**Exercise directions**
Go through the listing below and retype exactly the lines starting at the one with "An anonymous collective" and ending at the one with "Its ultra-sharp Damascus", skipping pictures.

**Exercise data**
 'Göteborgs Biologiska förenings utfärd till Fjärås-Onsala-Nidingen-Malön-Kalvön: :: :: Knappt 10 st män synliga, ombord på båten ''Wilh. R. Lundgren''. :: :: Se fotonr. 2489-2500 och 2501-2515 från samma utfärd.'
--
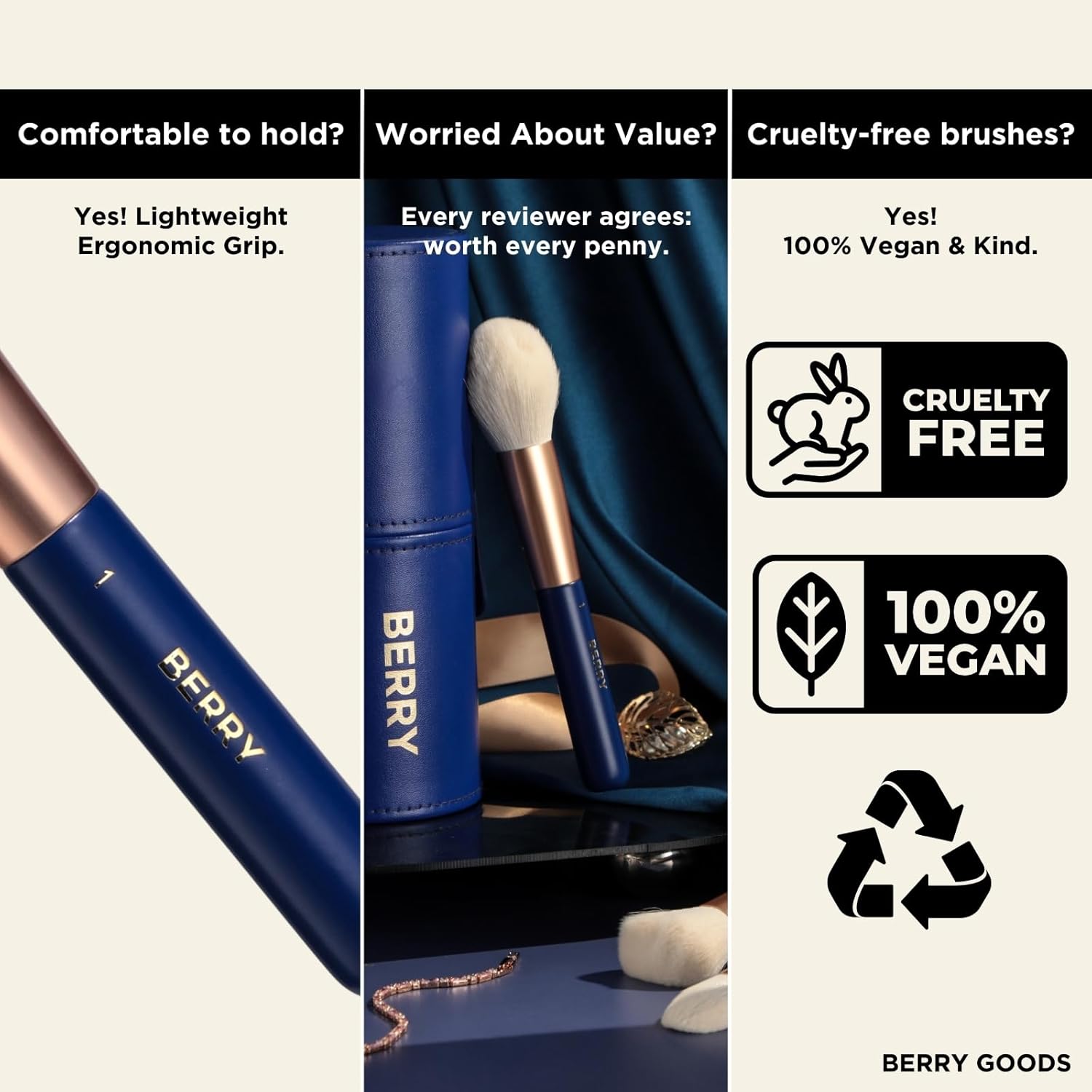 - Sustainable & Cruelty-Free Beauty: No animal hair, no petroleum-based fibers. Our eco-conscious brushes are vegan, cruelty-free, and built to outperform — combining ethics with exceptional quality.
---
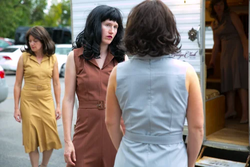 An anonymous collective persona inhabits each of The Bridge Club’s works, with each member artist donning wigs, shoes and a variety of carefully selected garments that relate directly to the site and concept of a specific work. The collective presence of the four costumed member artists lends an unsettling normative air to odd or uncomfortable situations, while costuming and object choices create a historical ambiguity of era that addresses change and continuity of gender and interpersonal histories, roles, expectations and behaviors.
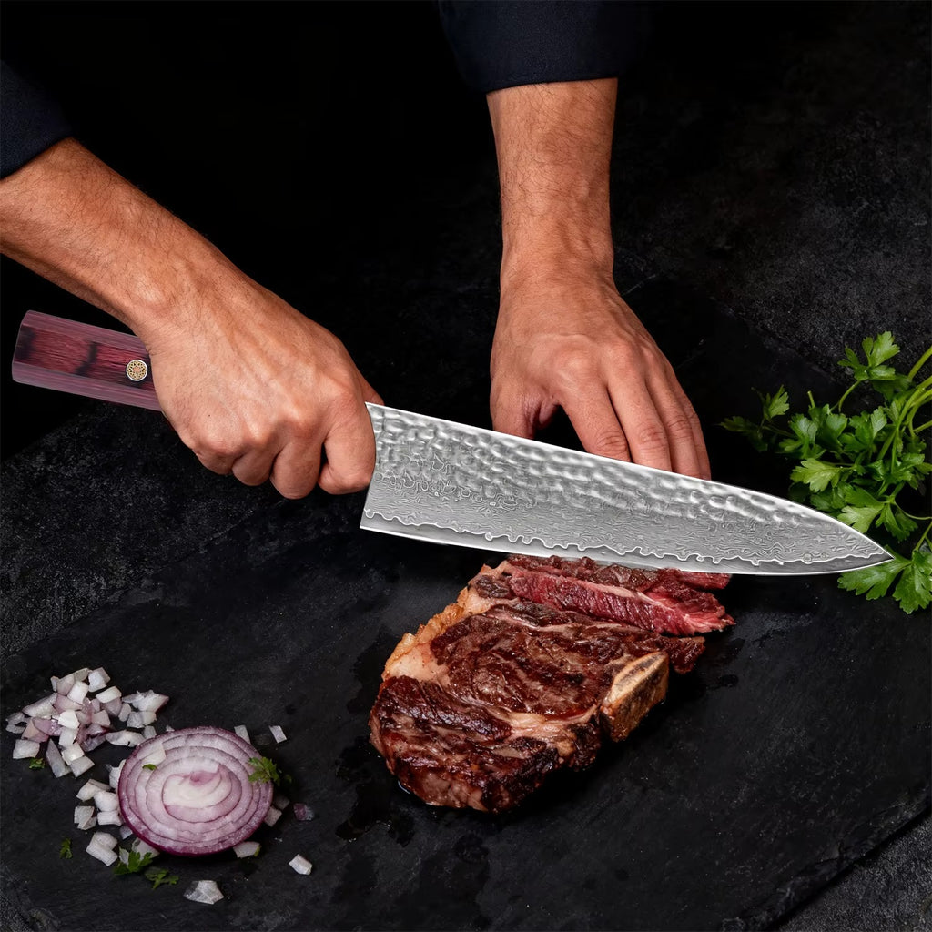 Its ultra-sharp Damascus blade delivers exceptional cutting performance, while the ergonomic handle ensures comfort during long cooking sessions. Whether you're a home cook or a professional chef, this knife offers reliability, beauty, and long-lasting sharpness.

**Task result**
 An anonymous collective persona inhabits each of The Bridge Club’s works, with each member artist donning wigs, shoes and a variety of carefully selected garments that relate directly to the site and concept of a specific work. The collective presence of the four costumed member artists lends an unsettling normative air to odd or uncomfortable situations, while costuming and object choices create a historical ambiguity of era that addresses change and continuity of gender and interpersonal histories, roles, expectations and behaviors.
 Its ultra-sharp Damascus blade delivers exceptional cutting performance, while the ergonomic handle ensures comfort during long cooking sessions. Whether you're a home cook or a professional chef, this knife offers reliability, beauty, and long-lasting sharpness.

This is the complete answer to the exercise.